A newly identified China-aligned advanced persistent threat (APT), tracked as LongNosedGoblin, has been conducting cyber-espionage operations against government entities in Southeast Asia and Japan. According to ESET, the group abuses legitimate Windows administrative mechanisms—most notably Group Policy—to deploy malware, move laterally, and selectively escalate operations. The campaign demonstrates a measured, intelligence-driven approach focused on persistence and stealth rather than disruption.

State-aligned threat actors increasingly favor “living-off-the-land” techniques that blend into normal enterprise operations.
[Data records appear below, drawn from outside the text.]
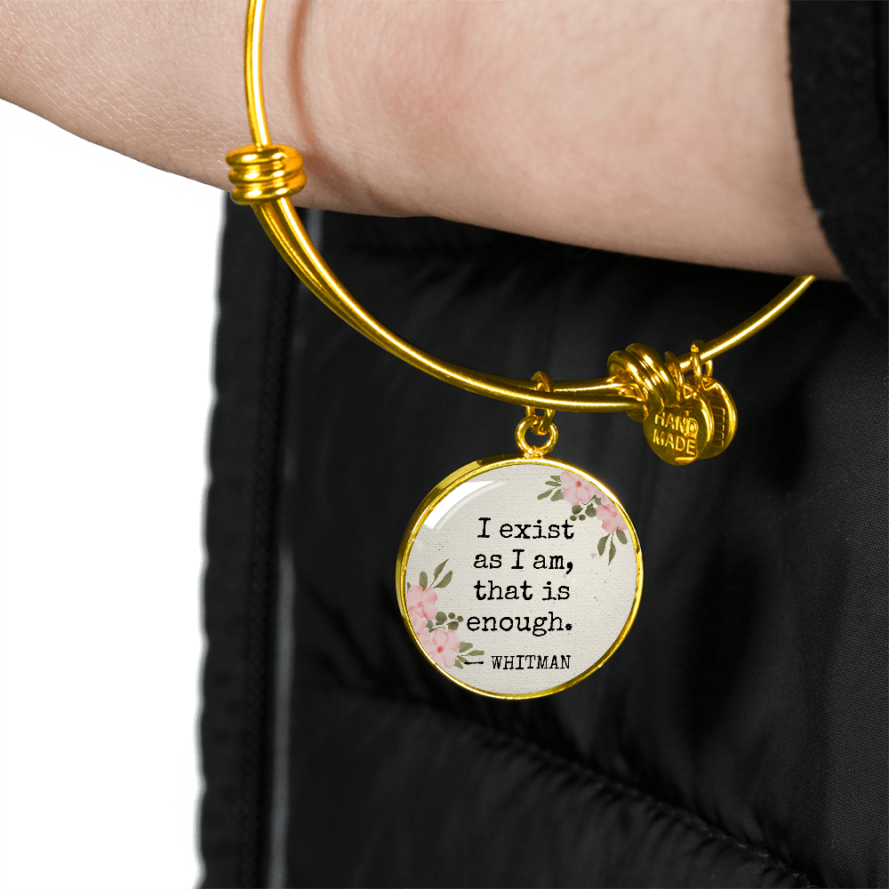 I exist as I am, Walt Whitman Quote, Engravable Charm Bangle
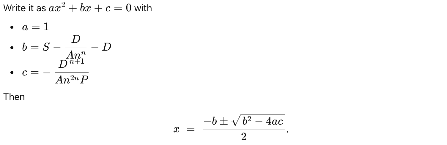 x^2 + (S - D/(A*n^n) - D)*x - D^(n+1)/(A*n^(2n)*P) = 0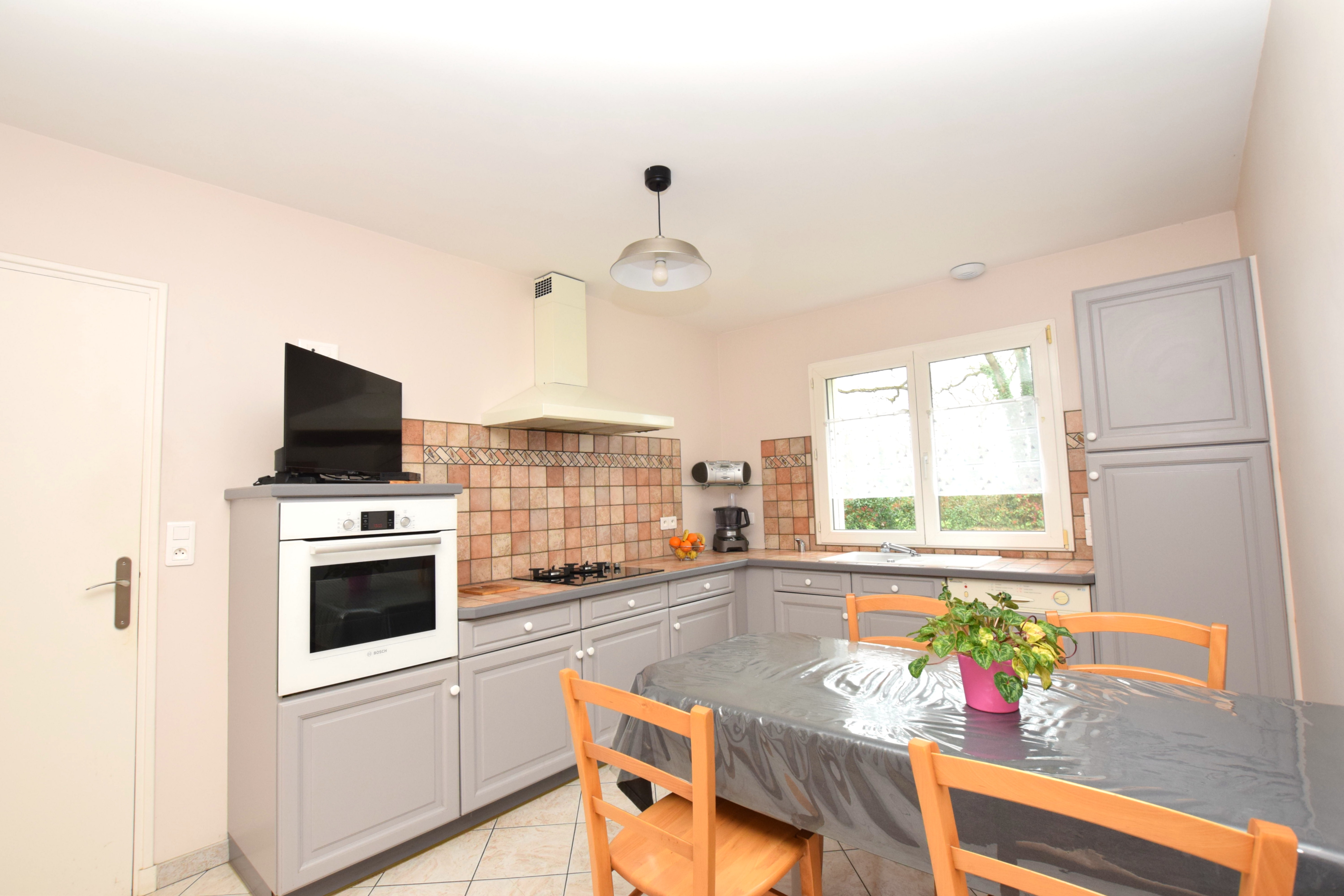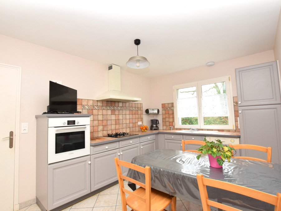 La cuisine équipée et aménagée est attenante et fermée. Une arrière-cuisine / buanderie complète cet espace fonctionnel.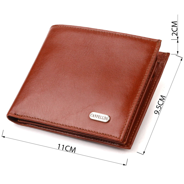 Практичный мужской кошелек из натуральной гладкой кожи. Аксессуар имеет одно основное отделение с тканевой перегородкой в которое помещаются купюры всех номиналов, шесть карманов для карточек, карман под сеточкой для пропуска, один скрытый карман и монетницу. Закрывается аксессуар пополам, без застежки. На лицевой стороне, в правом нижнем углу металлический логотип компании производителя. Приобретая кожаный аксессуар этой фирмы, себе или на подарок, будьте уверены, что он прослужит Вам не один год.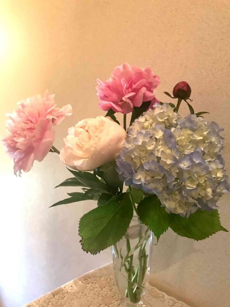 大好きなブルー系のアジサイのお花と優しいピンク系のシャクヤクがきれいです🌸🌿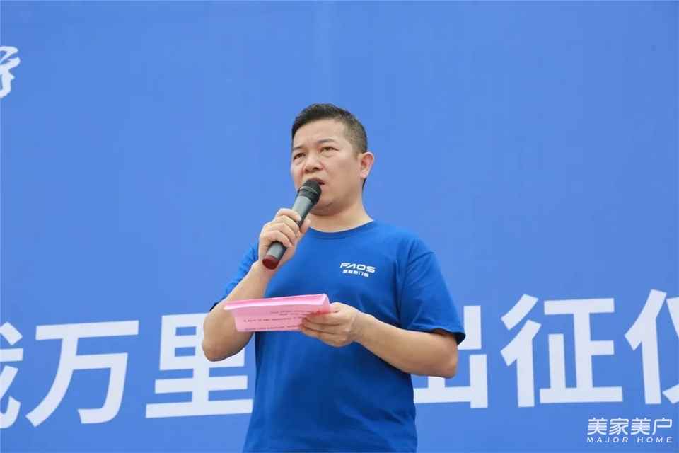 伴随着昂扬的歌曲,出征仪式拉开了序幕,富奥斯门窗董事长潘锡波先生作开场致辞。潘董指出,本次万里行旨在零距离聆听终端的想法与心声,了解终端最迫切的需求,解决门店经营管理中的种种困惑,加强终端门店与总部公司的工作协调性,使得各专卖店的业绩以及知名度不断攀升。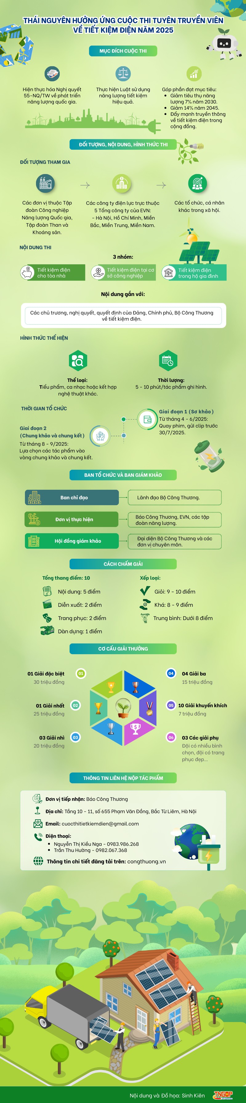Cuộc thi “Tuyên truyền viên Tiết kiệm điện năm 2025” do Bộ Công Thương tổ chức, diễn ra từ tháng 4 đến tháng 9 năm 2025 với quy mô toàn quốc. Đối tượng dự thi bao gồm các công ty điện lực thuộc 5 Tổng công ty điện lực (Hà Nội, TP. Hồ Chí Minh, miền Bắc, miền Trung, miền Nam), các đơn vị trong Tập đoàn Công nghiệp Năng lượng Quốc gia, Tập đoàn Than – Khoáng sản Việt Nam và các tổ chức, cá nhân trong xã hội.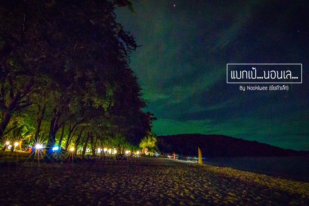 หลังจากนั้นไม่นาน ดวงอาทิตย์ก็เริ่มลับขอบฟ้าไป พวกเราคุยกันเพลิน จนบรรยากาศเริ่มเงียบสงบมาก (เพราะทุกคนต้องออกจากหาดภายใน 6 โมงเย็น ยกเว้นคนที่พักค้าง) เหมือนกับว่าที่เเห่งนี้มีเเค่กลุ่มเราเพียงกลุ่มเดียว เรานอนคุยกัน นอนฟังเสียงคลื่น และก็นอนมองดูดาว ยุงนี่แทบไม่ต้องกังวลเลย ไม่มีเลย น้องเรายังเห็นดาวตกด้วยล่ะ อันที่จริงถ้าเป็นเดือนมืดสามารถมองเห็นทางช้างเผือกได้เลย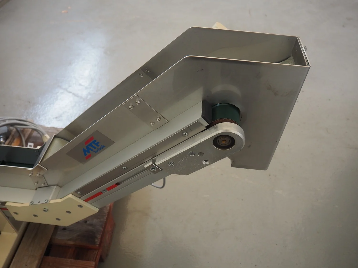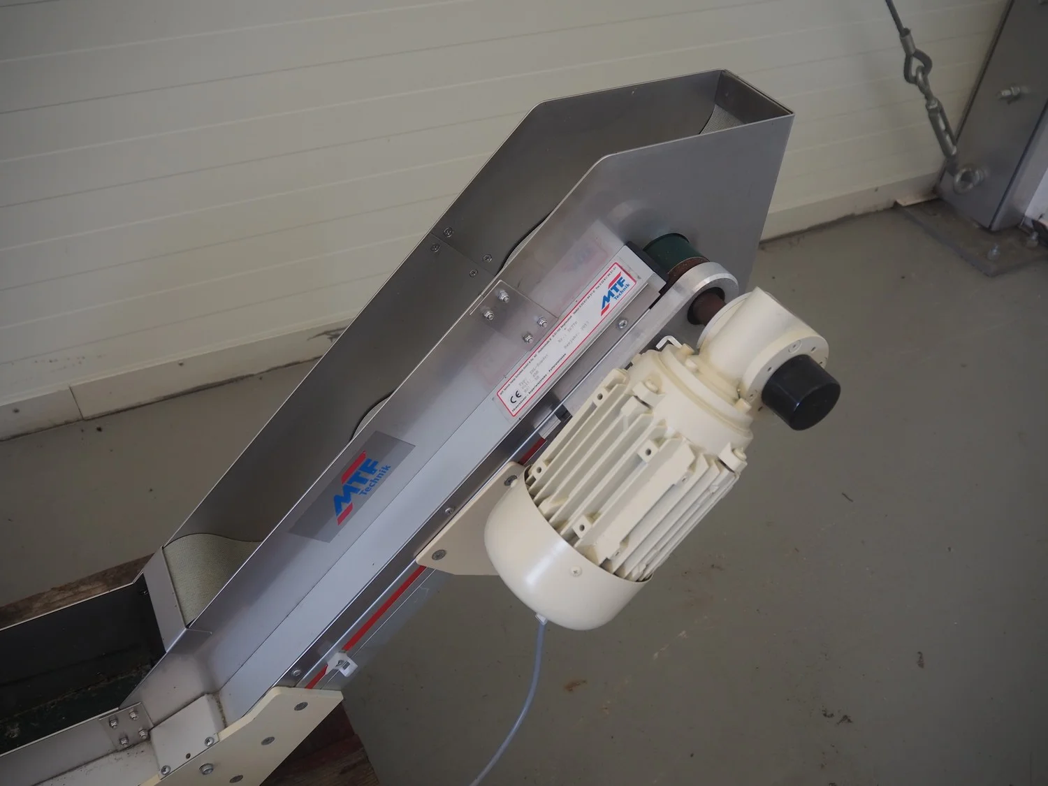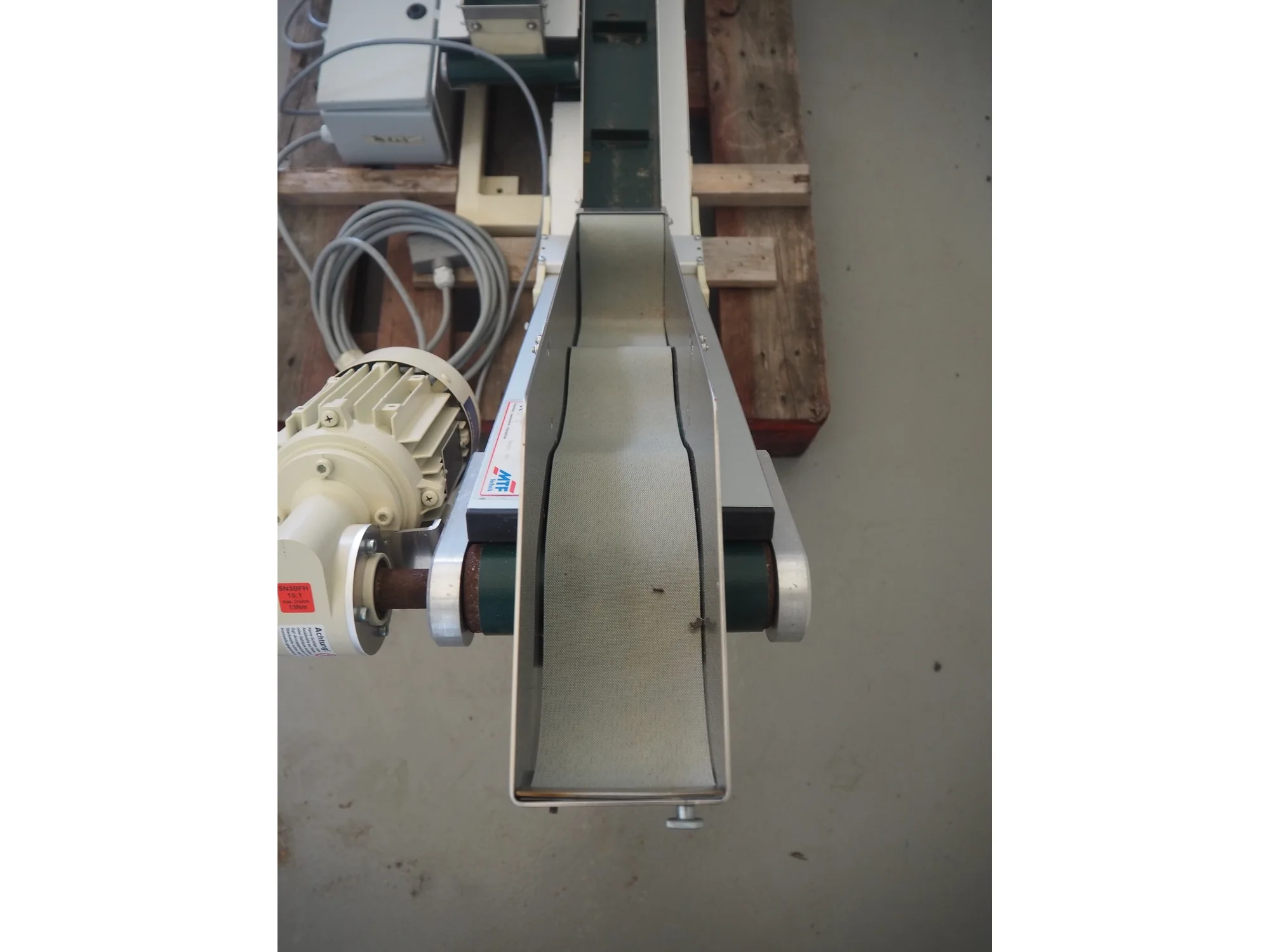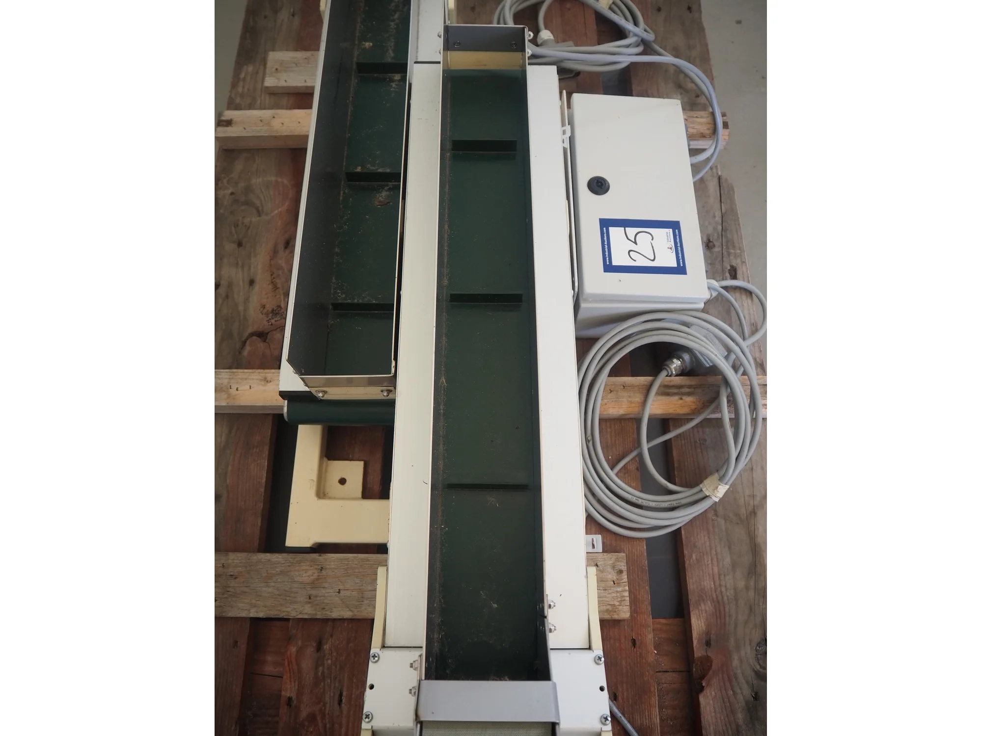 MTF Technik double elevating belt, type: INL-Sonder, number: 26768 and 26770, year of construction: 2013, 400 V, 50 Hz, belt width: (2x) 90 mm, elevating height: (2x) 600 mm, total dimensions: 2040 mm x 550 mm x 600 mm.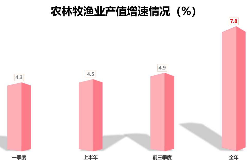圖4農(nóng)林牧漁業(yè)產(chǎn)值增速及占比情況圖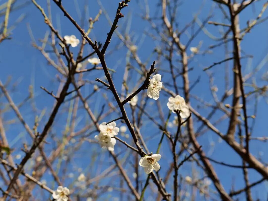 初花期:2025年12月24日前后开启,持续约10天,枝头初绽的梅花星星点点,藏着蓄势待发的惊艳;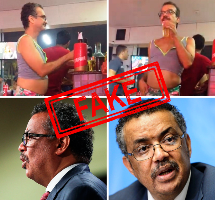 Тайи чанд рӯзи ахир дар шабакаҳои иҷтимоӣ, хоса дар бахши арабии Twitter наворе паҳн мешавад (бойгонӣ), ки гӯиё дар он роҳбари Созмони ҷаҳонии тандурустӣ (СҶТ) Тедрос Адханом Гебрейесус дар як клуби шабона бо либосҳои кӯтоҳи рангоранг рақс мекунад. Баъдан, ин навор дар шабакаи иҷтимоии Facebook низ роҳ ёфт (бойгонӣ).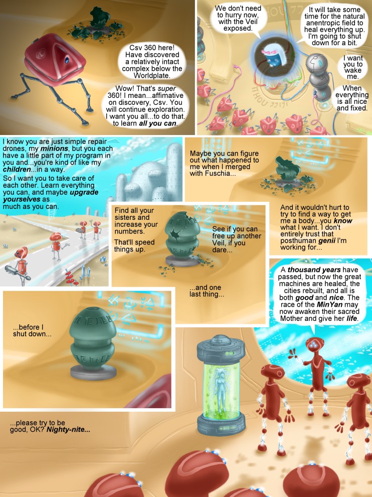 PAGE FOOTNOTES: It's surprisingly tough to choose a good name for a page, sometimes. I went through 'Mother's Day', briefly considered 'All My Children', passed on 'Darwin In Steel', although I thought it was pretty good... and even considered pretentious titles like 'Mechanus Darwinia'. Ecch. Finally it hit me that the speech of the head of the High Counsil of the MinYan sounded rather Lovecraftian. The stars were in their place and it was now time to resurrect the Elder God(dess). That's when I settled on The Call of Cthursor. You can't go too far wrong with a Lovecraft reference. I heart Lovecraft.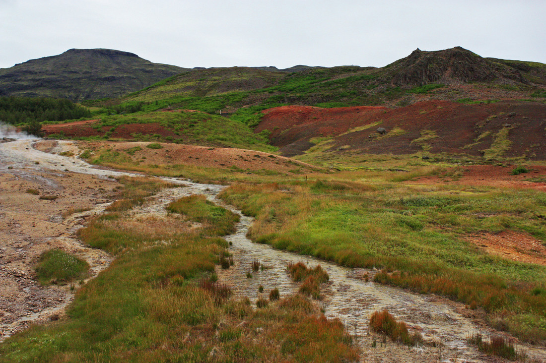 Одно из самых интересных мест в Исландии - Долина гейзеров Хаукадалур. Складывается впечатление, что вся окутанная туманом долина будто тлеет после ужасного пожара. Но настоящее кипение ада скрывается глубоко под землей, на поверхности же виден только белый пар, который то стелется низко над горячими ручьями, то поднимается высоко вверх.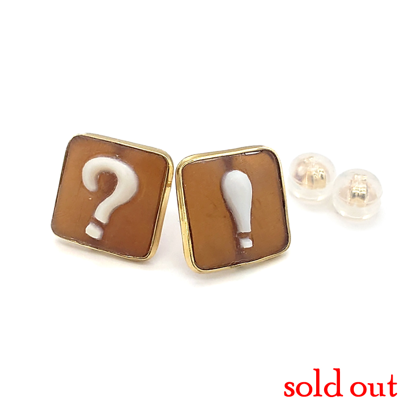 | 説明 | 作家のファンキーな発想に思わず笑ってしまう<!>カメオのピアスを見たお客様からのオーダー。 私、?!で左右違いにしたい!!! イタリアへ連絡すると、いいね~!面白いね~!と二つ返事でシェルカメオを彫ってくれました。<!>カメオにアイディアが広がり作家も楽しかったに違いありません♪ |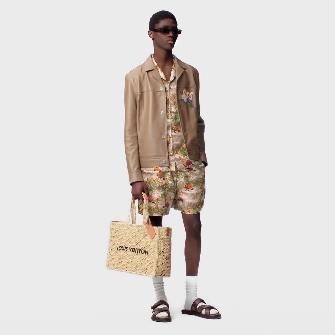 These refined silk shorts have an easy drape that moves effortlessly from day to night. They are embellished with an allover Monogram Sand Beach print featuring iconic symbols of paradise islands, mixing surfboards and flowers. This piece can be paired with a matching shirt for a graphic ensemble.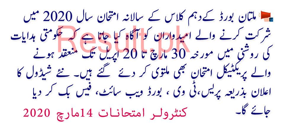 All Board of Intermediate & Secondary Education BISE in Punjab like BISE Lahore, BISE Grw, BISERWP, BISE DG Khan, BISE Sahiwal, BISE Multan, BISE BWP, BISE Sargodha and BISE FSD have cancelled the Matric Calss 10th Practical Exams 2020 on the order given by the government of Punjab for prevention and protection of COVID-19 threat. All candidates are informed that the SSC Part II Practical Exams 2020 will be schedule later. The new 10th Class Practical Date Sheet 2020 will be issued. Moreover, for precautionary measures and to avoid from Corona Virus be careful and keep visiting Result.PK for latest updates regarding educational news and corona virus live updates Pakistan.

By leveraging native tools already present in Windows environments, attackers reduce the likelihood of detection and complicate incident response. LongNosedGoblin fits squarely into this trend, targeting government networks where centralized management infrastructure is common and highly trusted.

ESET reports that LongNosedGoblin has been active since at least September 2023, with a renewed wave of activity observed beginning in September 2025. The group primarily targets government organizations, deploying malware through Group Policy Objects (GPOs) once administrative access is obtained.

Initial infections typically involve a reconnaissance tool called NosyHistorian, which collects browser history data to assess victim value. Only a subset of compromised systems is later escalated with more capable backdoors, indicating deliberate victim selection rather than broad opportunistic infection.

LongNosedGoblin’s toolchain is modular and selectively deployed.

NosyHistorian, a C#/.NET application, harvests browsing data from Chrome, Firefox, and Edge to guide follow-on actions.

For higher-value targets, the group deploys NosyDoor, a backdoor that uses Microsoft OneDrive as a command-and-control channel. NosyDoor relies on AppDomainManager injection, a lesser-known execution technique that enables stealthy code loading within .NET applications.

Additional tools observed include NosyStealer for browser data exfiltration, NosyDownloader for in-memory payload execution, NosyLogger for keystroke capture, and a reverse SOCKS5 proxy for network tunneling. Some components can bypass Windows’ Antimalware Scan Interface (AMSI), further reducing detection.

The campaign appears narrowly focused on intelligence collection rather than sabotage. Compromised systems can be used to exfiltrate sensitive credentials, internal communications, and metadata useful for long-term espionage operations.

The abuse of Group Policy is particularly concerning, as it allows attackers to deploy malware at scale once domain-level access is achieved, effectively turning trusted IT infrastructure into a delivery mechanism.

This activity highlights how administrative trust relationships can become liabilities when compromised. Group Policy is designed to simplify enterprise management, but when abused, it enables silent, organization-wide compromise.

The campaign also underscores the growing sophistication of China-aligned cyber-espionage, where tooling overlaps across multiple groups and attribution becomes increasingly complex.

ESET notes that LongNosedGoblin’s targeting and techniques overlap with known China-aligned groups such as ToddyCat and Erudite Mogwai, though clear differences in tactics, techniques, and procedures (TTPs) suggest it operates as a distinct entity.

The discovery of a NosyDoor variant shared across multiple actors further supports the idea of tool reuse within China’s broader cyber-espionage ecosystem.